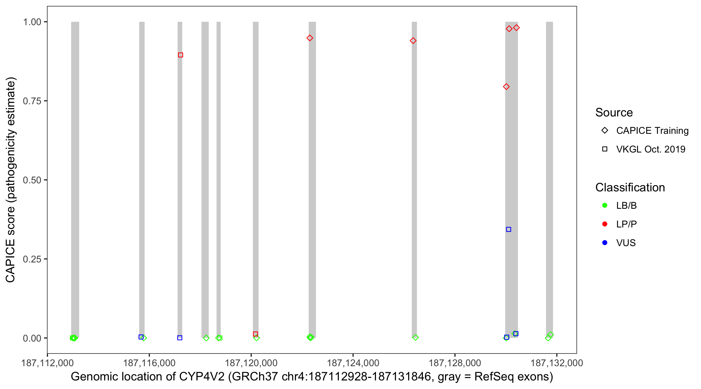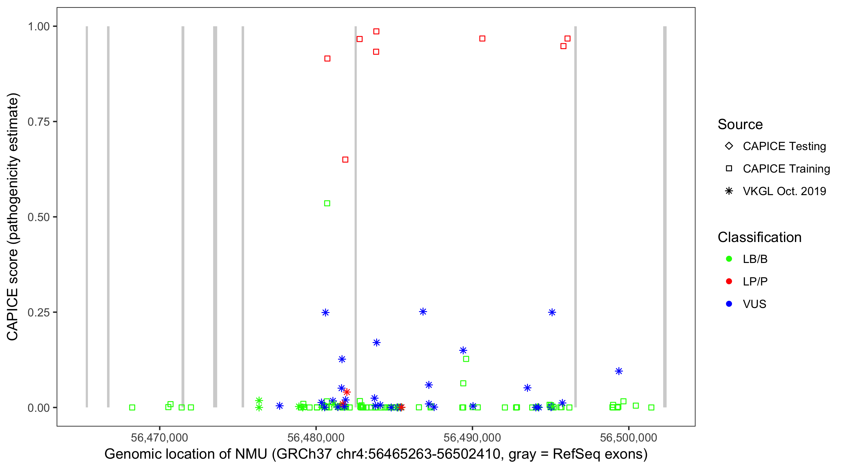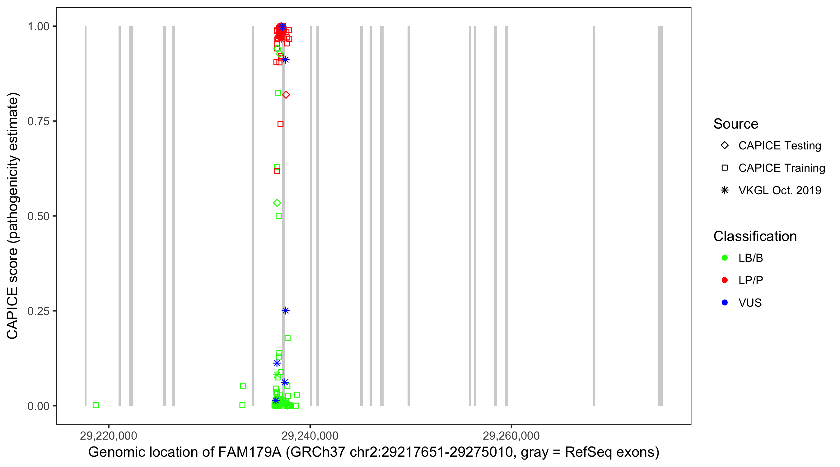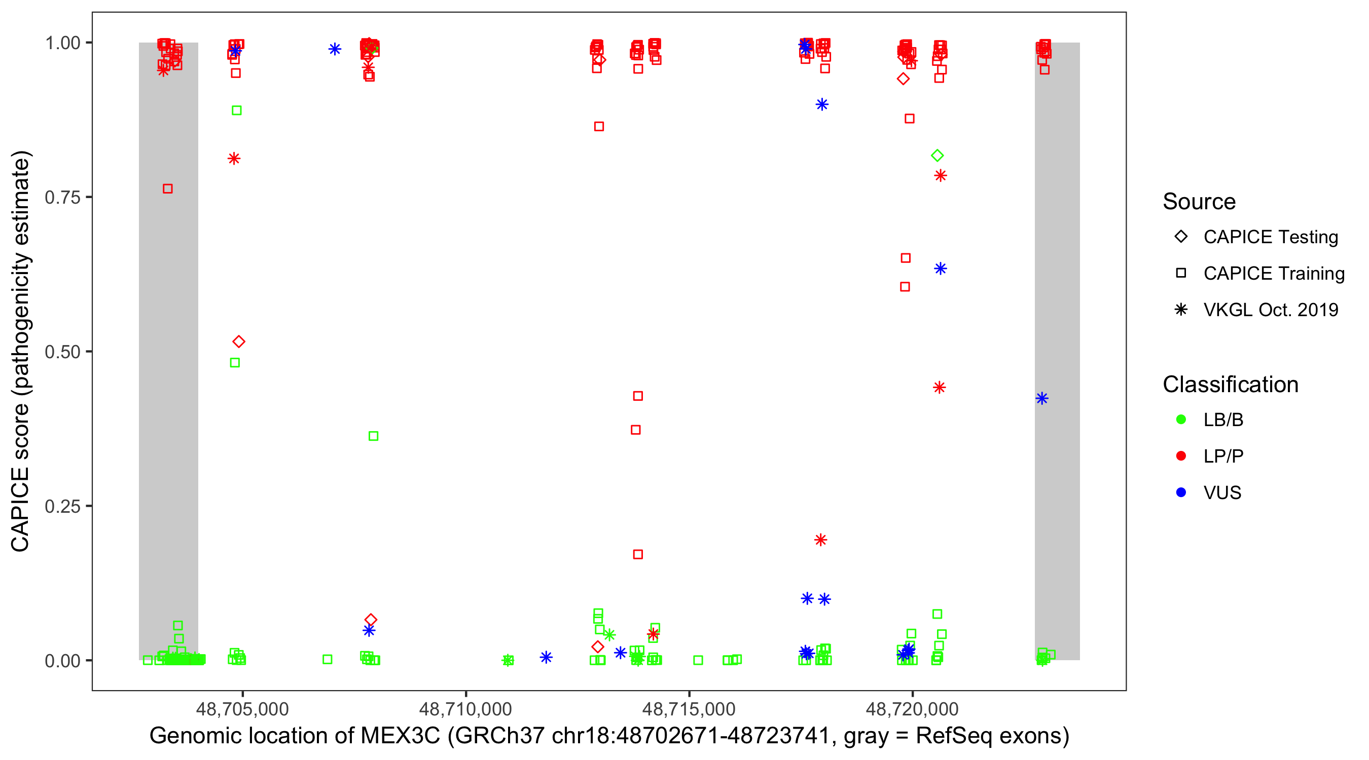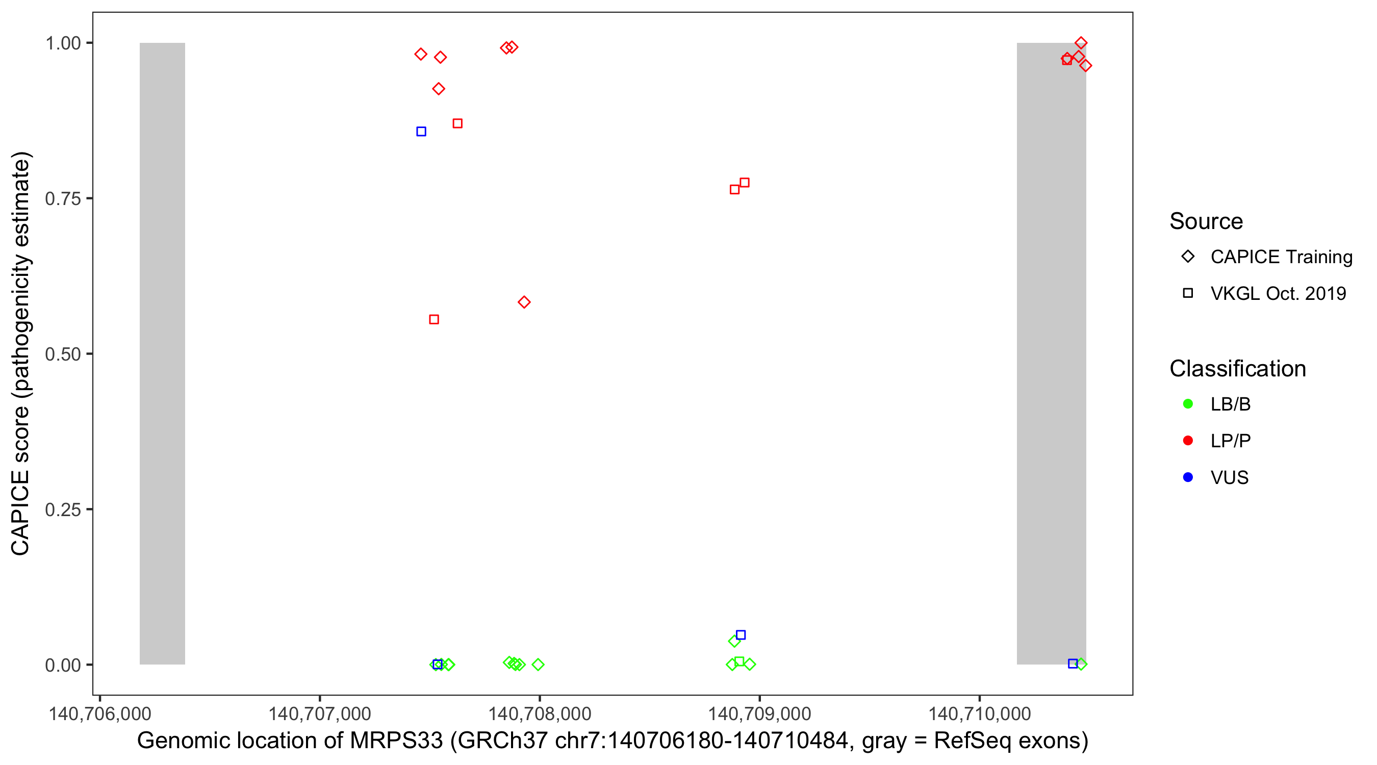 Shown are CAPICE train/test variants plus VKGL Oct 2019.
==
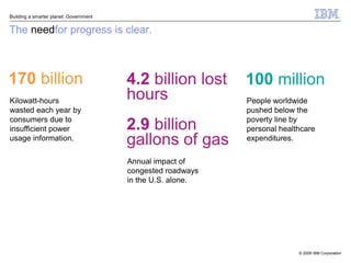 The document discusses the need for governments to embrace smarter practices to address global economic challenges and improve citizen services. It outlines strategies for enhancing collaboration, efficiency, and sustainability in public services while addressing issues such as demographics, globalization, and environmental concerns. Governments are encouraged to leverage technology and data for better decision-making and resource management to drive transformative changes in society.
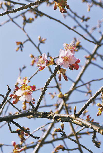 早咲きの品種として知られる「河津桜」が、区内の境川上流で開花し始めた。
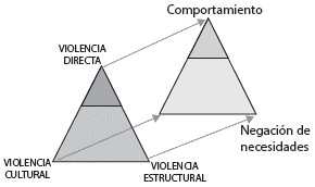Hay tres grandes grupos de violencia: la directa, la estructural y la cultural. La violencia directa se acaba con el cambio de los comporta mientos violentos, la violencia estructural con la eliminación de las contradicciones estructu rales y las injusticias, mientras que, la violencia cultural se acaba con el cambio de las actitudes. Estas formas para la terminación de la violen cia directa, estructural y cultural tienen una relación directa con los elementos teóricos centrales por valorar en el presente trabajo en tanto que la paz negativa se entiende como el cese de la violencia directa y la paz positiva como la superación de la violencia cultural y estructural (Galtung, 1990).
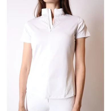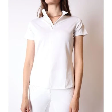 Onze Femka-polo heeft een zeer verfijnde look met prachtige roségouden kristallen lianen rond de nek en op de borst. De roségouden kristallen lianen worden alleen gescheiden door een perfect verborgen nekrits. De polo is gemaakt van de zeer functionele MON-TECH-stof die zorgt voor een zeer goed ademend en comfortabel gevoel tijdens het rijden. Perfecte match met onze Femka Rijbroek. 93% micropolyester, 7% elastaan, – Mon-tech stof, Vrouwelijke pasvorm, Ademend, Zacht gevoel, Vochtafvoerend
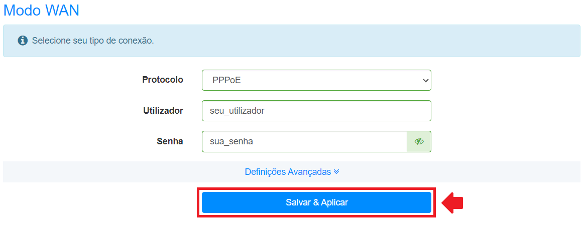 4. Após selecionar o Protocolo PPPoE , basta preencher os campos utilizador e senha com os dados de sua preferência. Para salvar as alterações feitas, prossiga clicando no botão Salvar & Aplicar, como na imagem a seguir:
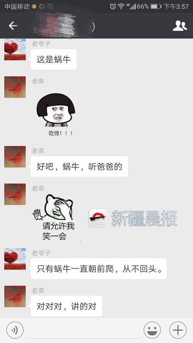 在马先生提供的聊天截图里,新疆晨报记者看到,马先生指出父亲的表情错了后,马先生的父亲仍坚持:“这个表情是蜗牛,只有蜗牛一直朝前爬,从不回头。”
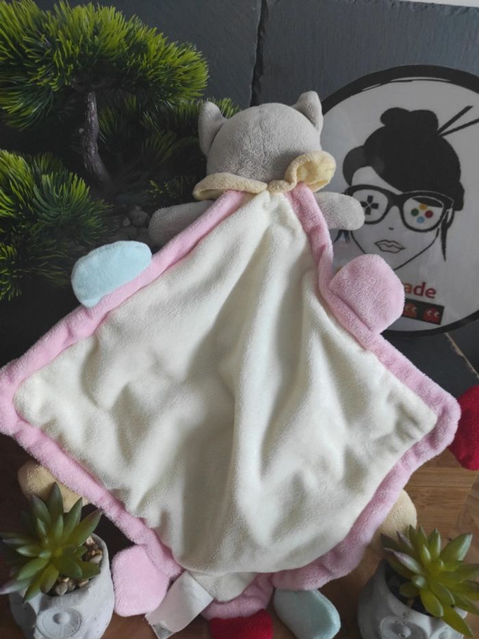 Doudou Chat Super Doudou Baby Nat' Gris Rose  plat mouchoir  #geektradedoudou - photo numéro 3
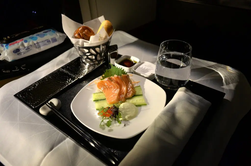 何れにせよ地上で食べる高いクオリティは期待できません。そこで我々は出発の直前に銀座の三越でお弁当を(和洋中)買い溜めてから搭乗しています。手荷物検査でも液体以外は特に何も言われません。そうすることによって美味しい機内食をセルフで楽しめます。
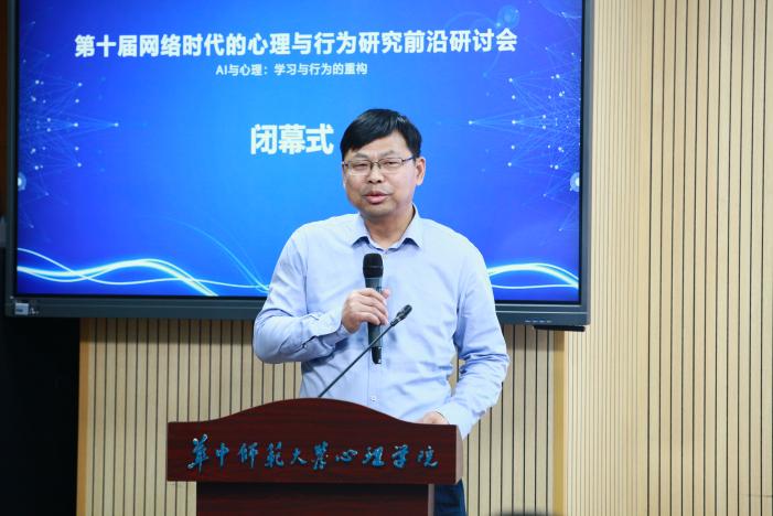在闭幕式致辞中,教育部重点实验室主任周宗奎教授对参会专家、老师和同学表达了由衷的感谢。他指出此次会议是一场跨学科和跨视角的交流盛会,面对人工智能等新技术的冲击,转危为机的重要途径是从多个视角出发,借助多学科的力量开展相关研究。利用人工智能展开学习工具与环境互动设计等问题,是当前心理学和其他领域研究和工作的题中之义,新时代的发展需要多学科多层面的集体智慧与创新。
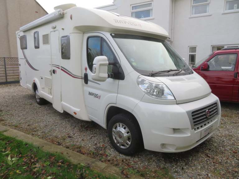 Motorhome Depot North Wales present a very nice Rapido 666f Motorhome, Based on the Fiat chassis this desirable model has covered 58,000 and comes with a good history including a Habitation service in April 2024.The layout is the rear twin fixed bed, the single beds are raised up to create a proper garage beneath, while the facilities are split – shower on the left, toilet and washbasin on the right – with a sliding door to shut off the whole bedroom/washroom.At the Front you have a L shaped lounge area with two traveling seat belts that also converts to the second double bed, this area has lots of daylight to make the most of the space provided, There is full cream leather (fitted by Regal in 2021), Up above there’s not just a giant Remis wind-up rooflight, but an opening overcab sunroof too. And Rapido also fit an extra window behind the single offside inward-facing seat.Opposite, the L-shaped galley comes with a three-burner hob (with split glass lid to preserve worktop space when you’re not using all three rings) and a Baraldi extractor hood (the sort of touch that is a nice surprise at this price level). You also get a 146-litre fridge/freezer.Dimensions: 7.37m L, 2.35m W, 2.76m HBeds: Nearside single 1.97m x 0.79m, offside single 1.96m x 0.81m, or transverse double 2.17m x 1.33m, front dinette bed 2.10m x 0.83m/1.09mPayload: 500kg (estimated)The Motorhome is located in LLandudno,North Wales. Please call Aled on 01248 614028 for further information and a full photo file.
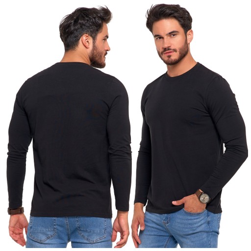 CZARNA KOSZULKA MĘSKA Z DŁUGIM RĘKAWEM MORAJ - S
==
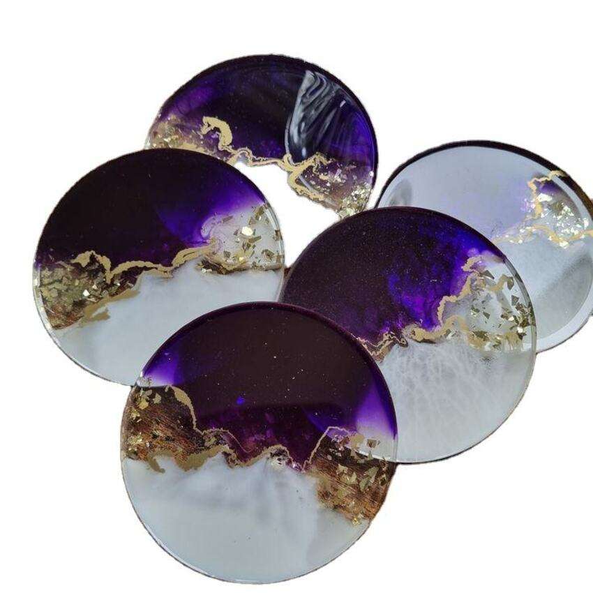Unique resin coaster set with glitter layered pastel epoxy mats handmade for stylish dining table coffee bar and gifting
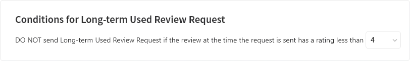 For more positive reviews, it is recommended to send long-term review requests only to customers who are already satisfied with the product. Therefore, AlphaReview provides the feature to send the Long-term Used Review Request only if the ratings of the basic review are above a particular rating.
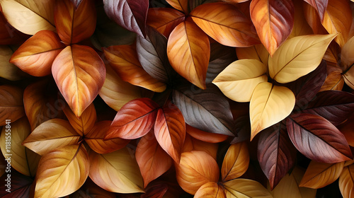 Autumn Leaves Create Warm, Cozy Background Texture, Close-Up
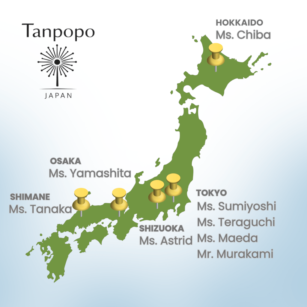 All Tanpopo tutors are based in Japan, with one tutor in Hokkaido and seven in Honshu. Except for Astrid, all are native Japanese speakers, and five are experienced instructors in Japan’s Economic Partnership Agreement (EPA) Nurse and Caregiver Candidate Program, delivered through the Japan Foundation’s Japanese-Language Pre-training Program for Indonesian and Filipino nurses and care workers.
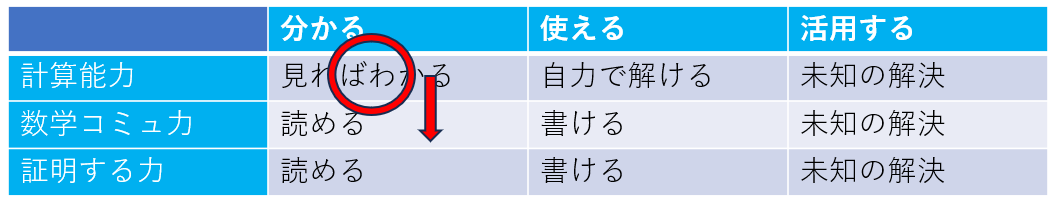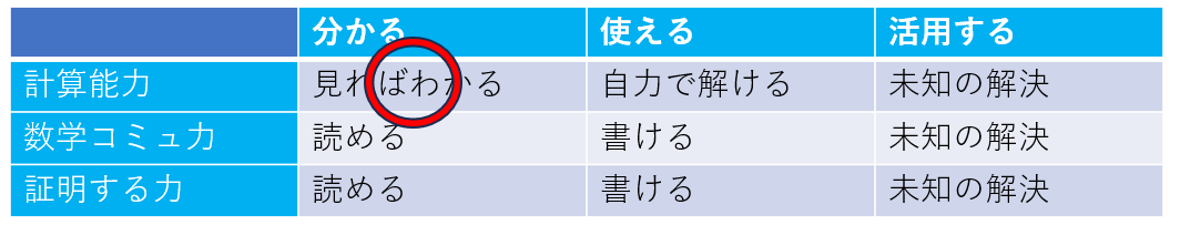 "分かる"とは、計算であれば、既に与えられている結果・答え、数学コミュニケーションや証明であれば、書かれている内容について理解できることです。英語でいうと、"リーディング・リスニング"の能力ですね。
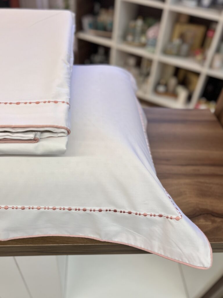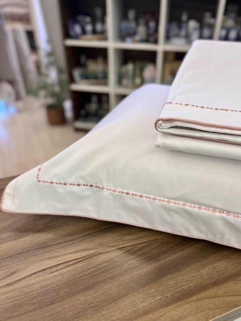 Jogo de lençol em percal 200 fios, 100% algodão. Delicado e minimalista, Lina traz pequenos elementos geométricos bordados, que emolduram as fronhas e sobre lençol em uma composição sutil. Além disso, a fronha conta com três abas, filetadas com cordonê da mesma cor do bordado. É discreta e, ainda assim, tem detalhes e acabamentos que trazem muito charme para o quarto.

*EXERCISE BRIEF*
Please repeat the lines of the material above exactly, starting with the line that contains "Onze Femka-polo heeft" and ending with the line that contains "在闭幕式致辞中,教育部重点实". Leave the pictures out.

*YOUR SOLUTION*
 Onze Femka-polo heeft een zeer verfijnde look met prachtige roségouden kristallen lianen rond de nek en op de borst. De roségouden kristallen lianen worden alleen gescheiden door een perfect verborgen nekrits. De polo is gemaakt van de zeer functionele MON-TECH-stof die zorgt voor een zeer goed ademend en comfortabel gevoel tijdens het rijden. Perfecte match met onze Femka Rijbroek. 93% micropolyester, 7% elastaan, – Mon-tech stof, Vrouwelijke pasvorm, Ademend, Zacht gevoel, Vochtafvoerend
 4. Após selecionar o Protocolo PPPoE , basta preencher os campos utilizador e senha com os dados de sua preferência. Para salvar as alterações feitas, prossiga clicando no botão Salvar & Aplicar, como na imagem a seguir:
 在马先生提供的聊天截图里,新疆晨报记者看到,马先生指出父亲的表情错了后,马先生的父亲仍坚持:“这个表情是蜗牛,只有蜗牛一直朝前爬,从不回头。”
 Doudou Chat Super Doudou Baby Nat' Gris Rose  plat mouchoir  #geektradedoudou - photo numéro 3
 何れにせよ地上で食べる高いクオリティは期待できません。そこで我々は出発の直前に銀座の三越でお弁当を(和洋中)買い溜めてから搭乗しています。手荷物検査でも液体以外は特に何も言われません。そうすることによって美味しい機内食をセルフで楽しめます。
在闭幕式致辞中,教育部重点实验室主任周宗奎教授对参会专家、老师和同学表达了由衷的感谢。他指出此次会议是一场跨学科和跨视角的交流盛会,面对人工智能等新技术的冲击,转危为机的重要途径是从多个视角出发,借助多学科的力量开展相关研究。利用人工智能展开学习工具与环境互动设计等问题,是当前心理学和其他领域研究和工作的题中之义,新时代的发展需要多学科多层面的集体智慧与创新。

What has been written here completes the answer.